Pre-commit hook in addition to CI step. Discarded: the repo currently has no pre-commit infrastructure, and adding it for one guard introduces a "did the author install hooks?" failure mode. The CI step is mechanical and unbypassable.
PresetConfig as a frozen dataclass instead of Pydantic. Discarded: BatchCopyPasteConfig is Pydantic with extra="forbid" (ADR-0008), and mixing config conventions in one library is a papercut for users.
Stamp reviewer handle / SHA / date into the preset's module docstring on merge. Discarded: the audit trail belongs in git log and the PR body; stamping it into source creates a stale-data hazard. Plus, "reviewer" doesn't exist in this project's posture (solo + agentic — see ADR-0003).

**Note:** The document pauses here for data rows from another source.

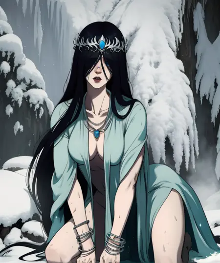 alsanna, very long black hair, (hair over eyes:1.3), long bangs, - lips,
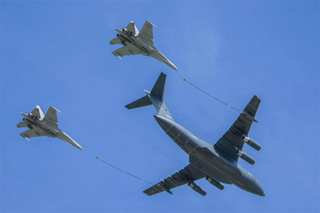 圖為運(yùn)油-20A和殲-16編隊(duì)通場(chǎng)。顏麟蘊(yùn) 攝
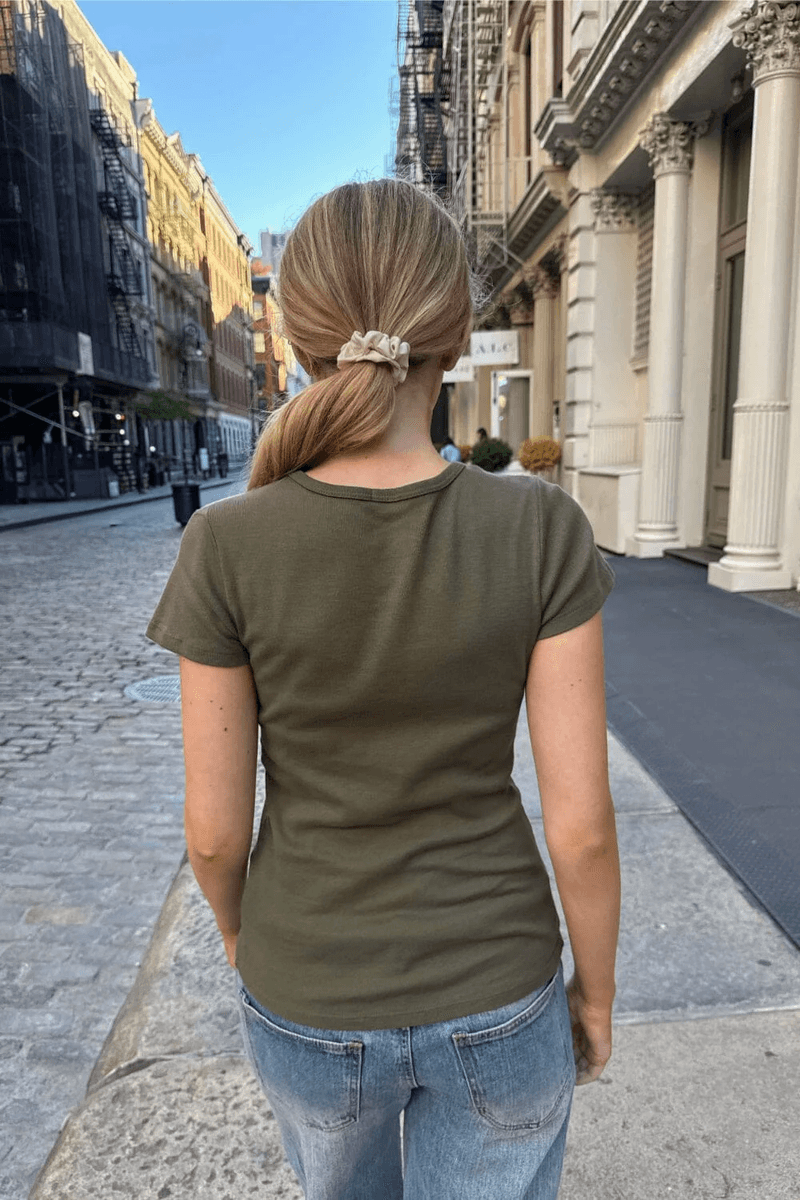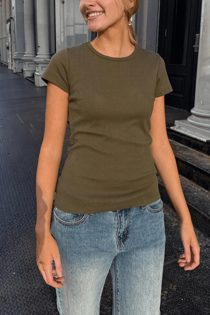 höj Din Avslappnade Garderob Med brandy Melville Hailie Top Deep Forest. Denna Mjuka, Figurnära T-shirt är Perfekt För Lager-på-lager Eller Att Bära Ensam, Vilket Gör Den Till Ett Mångsidigt Tillskott Till Varje Outfit.
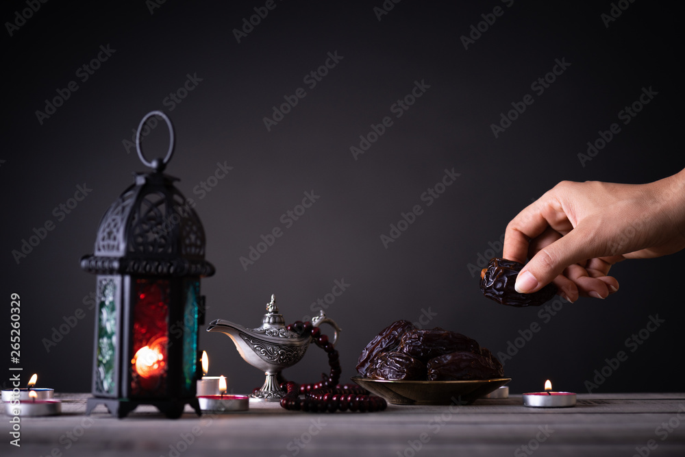 Ramadan food and drinks concept. Woman hand reaches out to a plate with date with Ramadan Lantern with arabian lamp, wood rosary, tea, dates fruit and lighting on a wooden table on dark background.
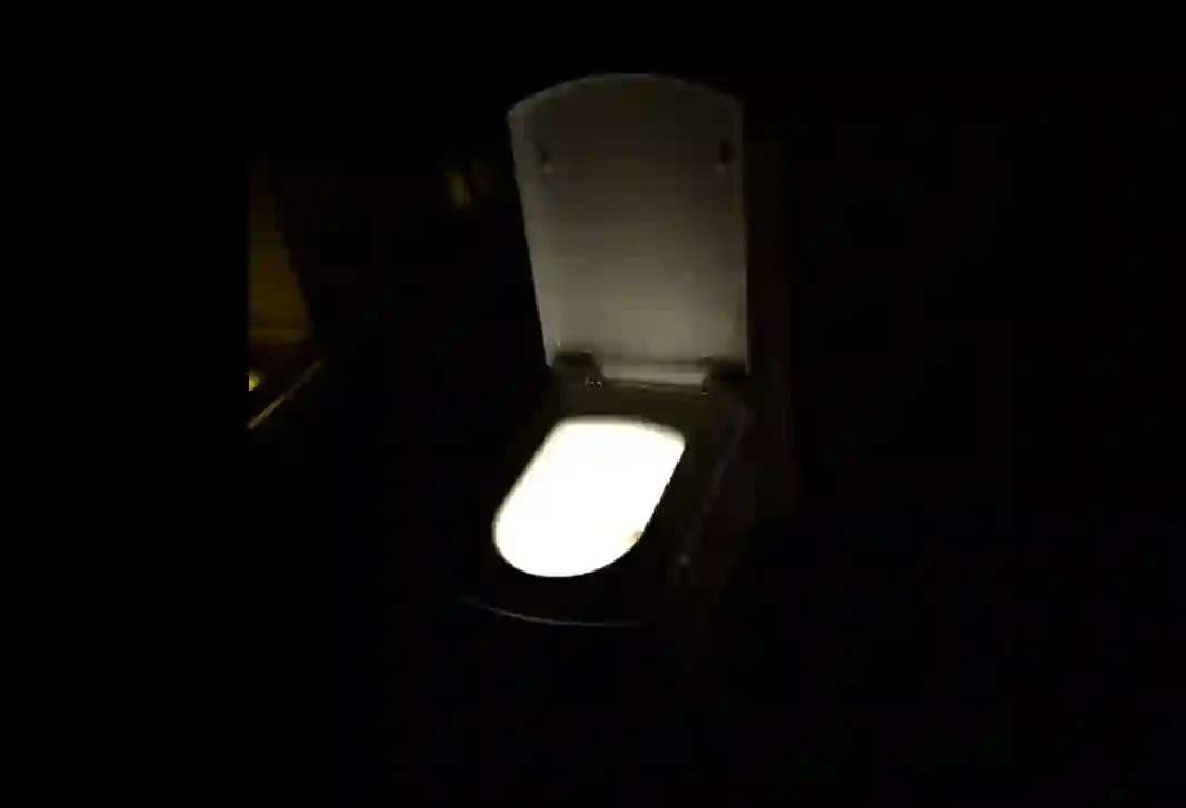 这是我的马桶,本来我一开始的想法是,晚上它能发光,上厕所的时候就方便一点。但后来他们说这是“明人不拉暗屎”。
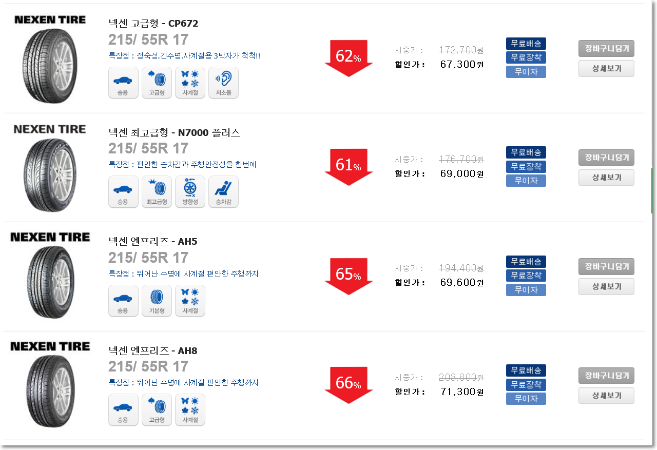 17인치도 다양한 상품이 있습니다. 넥센 최고급형 n7000도 있구요. 엔프리즈 AH5, AH8 등 제품도 보이네요. 이 제품들 사이즈는 바로 215/55r 17 입니다. 타이어 옆면을 보면 이 세가지 숫자가 적혀 있으니 다시 한번 확인해보시면 될 듯합니다.
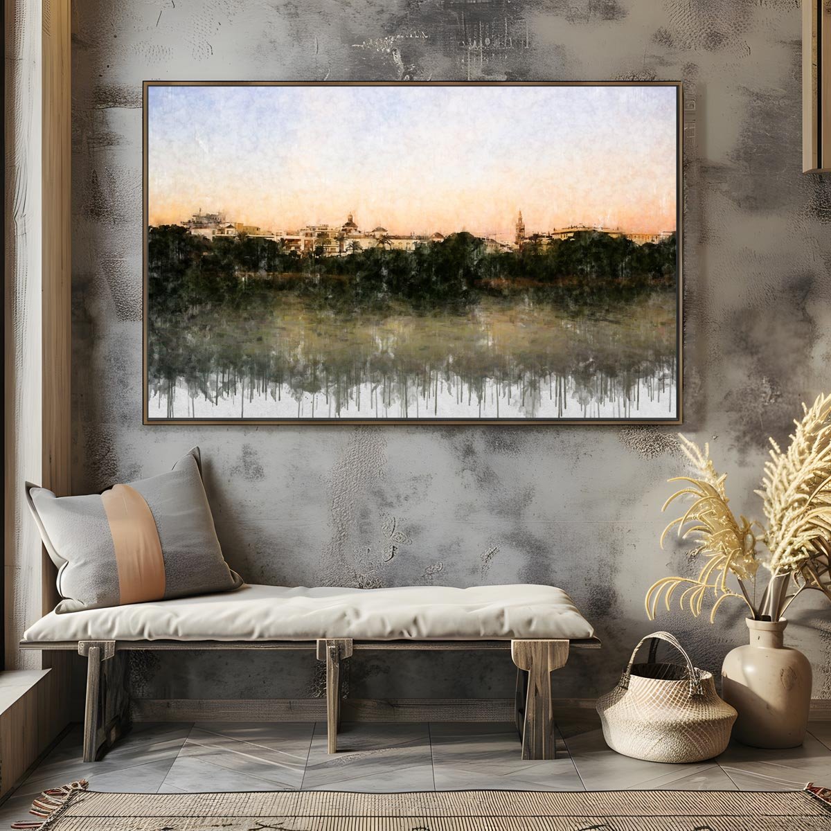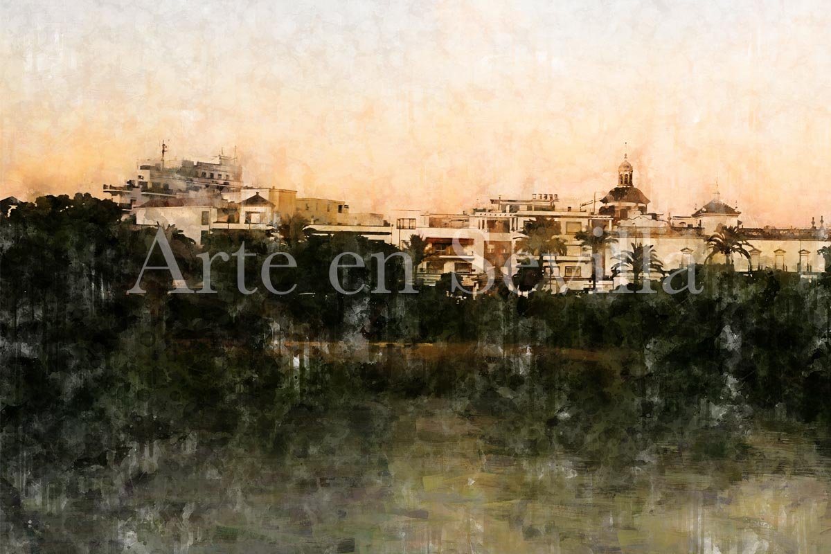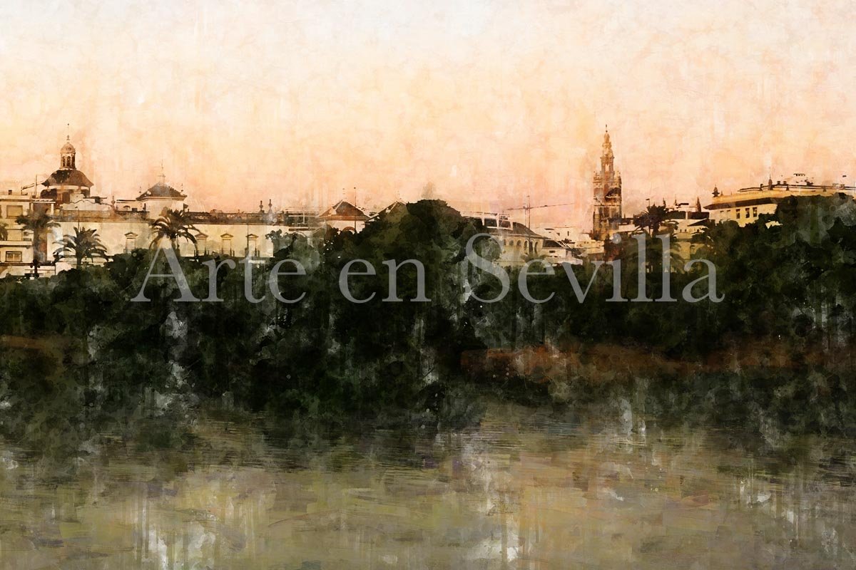 La paleta suave, dominada por tonos claros, tierras delicadas y matices verdosos y grisáceos en el agua, aporta a la obra una sensación de ligereza muy refinada. Como en otros cuadros modernos de Sevilla, la textura pictórica y el desvanecido inferior con efecto de goteo refuerzan el carácter artístico de la imagen y la sitúan entre la evocación visual y el paisaje emocional.
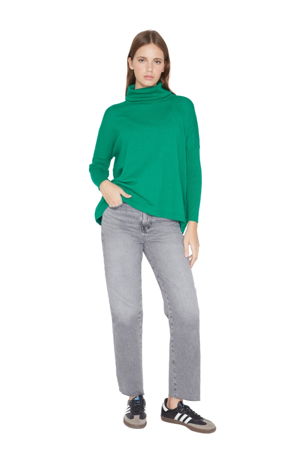 DESCRIPCIÓN: Chaleco cerrado corte acampanado con cuello, tejido grosor medio
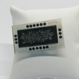 • Broche en plexis noir et transparent, et décor de fleurs, vers 1900-25
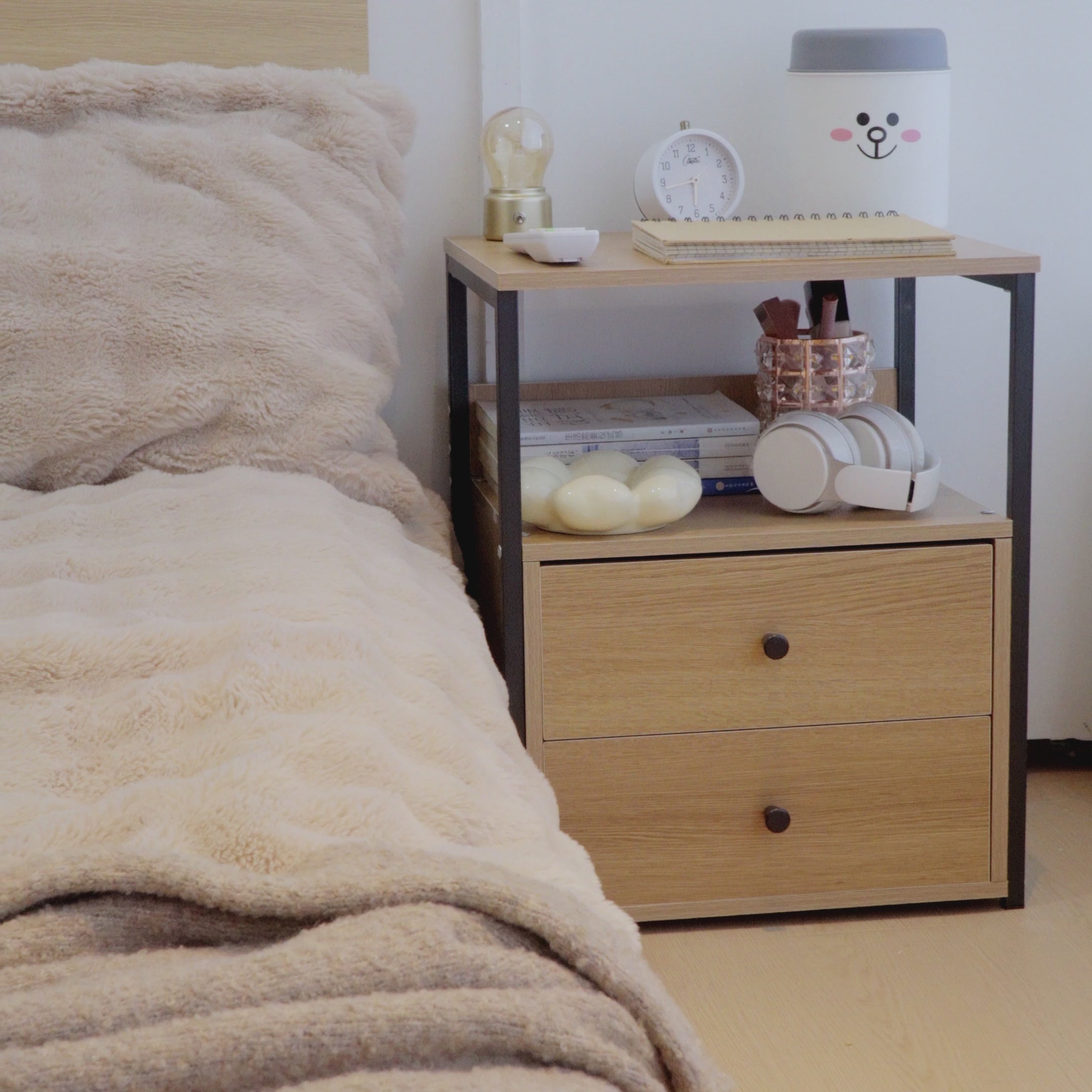 This nightstand offers practical bedside storage with a modern aesthetic.  |

Allow real-data CI artifacts via workflow_dispatch. Discarded at the framework level: even dispatch-only workflows that consume licensed data create attribution surface (cached imagery in CI artifact storage, secrets management for dataset access). A future ADR-0010 could revisit; this ADR rules it out.
Distribute presets in a sibling repo (segpaste-presets) so the main repo stays code-only. Discarded: presets are tiny configs with strong coupling to BatchCopyPasteConfig's field set. Splitting across repos makes additive BatchCopyPasteConfig migrations multi-repo coordination problems, which is exactly the friction the solo + agentic posture exists to avoid.
Make the KS snapshot a calibration gate against a checked-in real-data fixture. Discarded: requires bundling real data, which violates §1. Narrowing KS to a regression-only gate (§7) keeps the in-repo claim honest.